● REQUIRED ACTION
None of the pictures should appear; the lines from the line containing "Light Gray Linen" through the last line of the listing must be repeated exactly.

● DATASET EXTRACT
=====
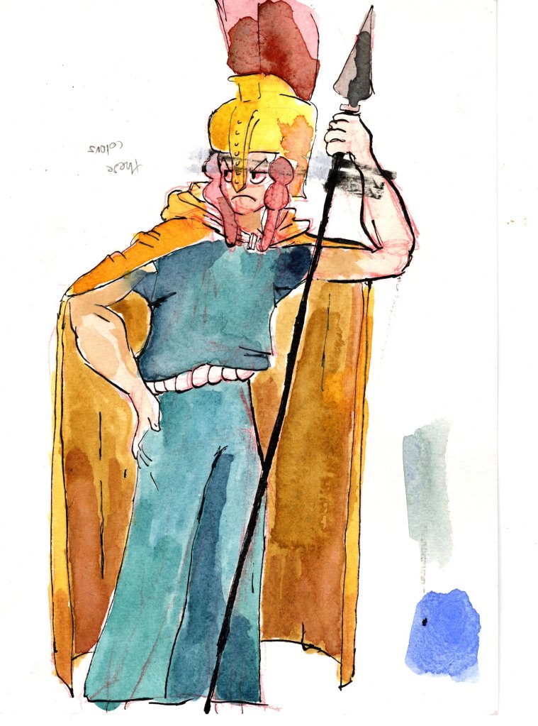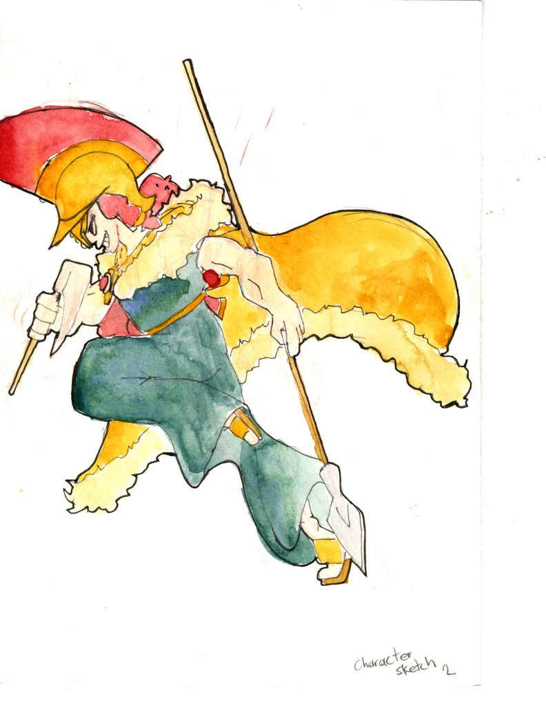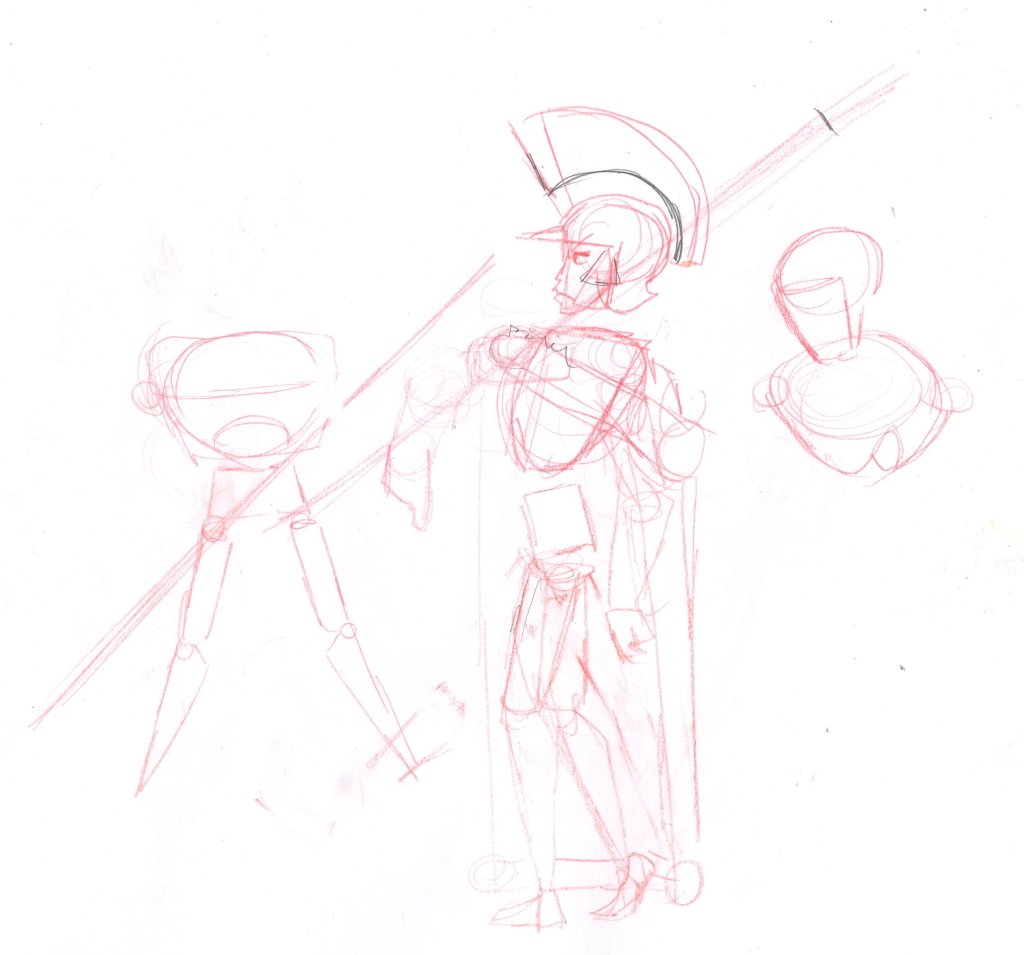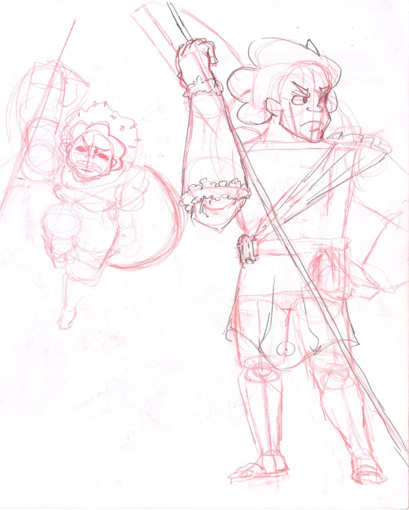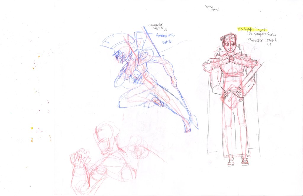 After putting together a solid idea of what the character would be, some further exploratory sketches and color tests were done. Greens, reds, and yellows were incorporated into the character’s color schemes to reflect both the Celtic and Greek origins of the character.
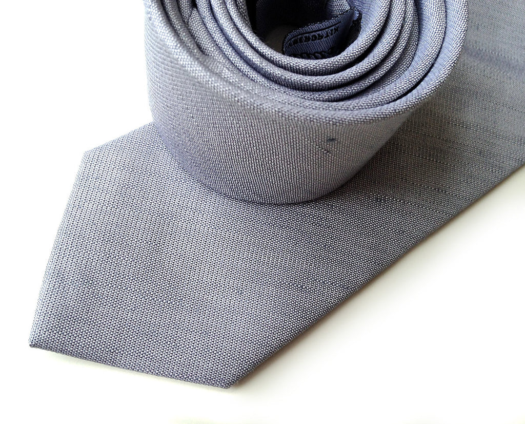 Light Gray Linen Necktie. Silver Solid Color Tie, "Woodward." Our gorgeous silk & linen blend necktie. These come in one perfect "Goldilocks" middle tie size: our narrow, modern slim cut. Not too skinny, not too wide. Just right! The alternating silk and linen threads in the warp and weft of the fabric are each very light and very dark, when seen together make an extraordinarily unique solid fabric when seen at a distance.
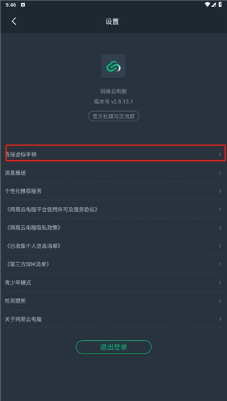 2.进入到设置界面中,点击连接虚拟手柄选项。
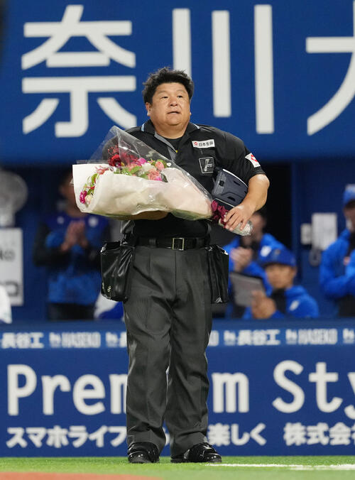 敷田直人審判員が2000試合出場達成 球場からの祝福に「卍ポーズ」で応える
=====
● ANSWER BOX
 Light Gray Linen Necktie. Silver Solid Color Tie, "Woodward." Our gorgeous silk & linen blend necktie. These come in one perfect "Goldilocks" middle tie size: our narrow, modern slim cut. Not too skinny, not too wide. Just right! The alternating silk and linen threads in the warp and weft of the fabric are each very light and very dark, when seen together make an extraordinarily unique solid fabric when seen at a distance.
 2.进入到设置界面中,点击连接虚拟手柄选项。
 敷田直人審判員が2000試合出場達成 球場からの祝福に「卍ポーズ」で応える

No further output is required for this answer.